▶ [WORK TASK] Once you reach the line with "Asimismo, encontramos un", copy it and every line after it exactly, up to the end of the data. Omit the pictures.

▶ [GIVEN MATERIAL]
----

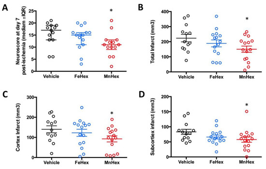 Evaluation of the neurologic outcome in terms of neuroscore and infarct volumes in a 7-day rat MCAO stroke study. Rats were either non treated (vehicle) or treated with FeHex and MnHex at 0.225 mg/kg twice per day for 7 days (n = 15–16). The first dose was given slowly IV via the tail artery at 5 min after reperfusion and the subsequent doses were given SC. At day 7 post-injury, a person blind to the treatment groups assessed the neurological deficit, at which point brains were harvested for infarct volume measurement. Neuroscore (A): p = 0.016 MnHex vs. Vehicle; p = 0.28 FeHex vs. Vehicle. Total infarct volume (B): p = 0.029 MnHex vs. Vehicle; p = 0.31 FeHex vs. Vehicle. Cortex infarct volume (C): p = 0.046 MnHex vs. Vehicle; p = 0.48 FeHex vs. Vehicle. Subcortex infarct volume (D): p = 0.049 MnHex vs. Vehicle; p = 0.11 FeHex vs. Vehicle. The “star” (*) symbol denotes statistically significant difference relative to the vehicle group (p < 0.05).
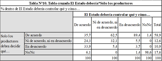 Asimismo, encontramos un importante nivel de coherencia en las respuestas de tipo liberal ya que casi el 90% de quienes manifestaron su desacuerdo con la frase anterior estuvieron de acuerdo con esta frase. Por el contrario, del 25% que estuvo de acuerdo con la intervención del Estado en la frase anterior las respuestas fueron más variadas en este caso, tal como se visualiza en la siguiente tabla cruzada (Tabla N°10).
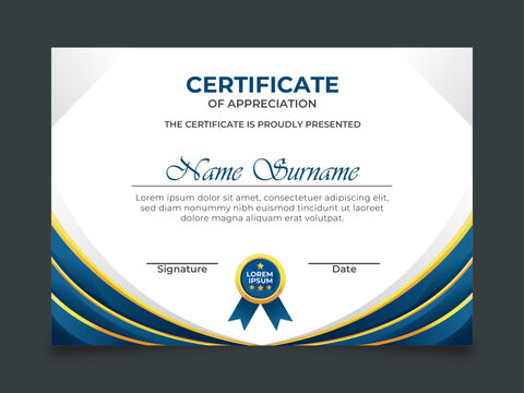 Certificate of appreciation template, gold and blue color. Clean modern certificate with gold badge. Certificate border template with luxury and modern line pattern. Diploma vector template

----

▶ [WRITTEN RESPONSE]
 Asimismo, encontramos un importante nivel de coherencia en las respuestas de tipo liberal ya que casi el 90% de quienes manifestaron su desacuerdo con la frase anterior estuvieron de acuerdo con esta frase. Por el contrario, del 25% que estuvo de acuerdo con la intervención del Estado en la frase anterior las respuestas fueron más variadas en este caso, tal como se visualiza en la siguiente tabla cruzada (Tabla N°10).
 Certificate of appreciation template, gold and blue color. Clean modern certificate with gold badge. Certificate border template with luxury and modern line pattern. Diploma vector template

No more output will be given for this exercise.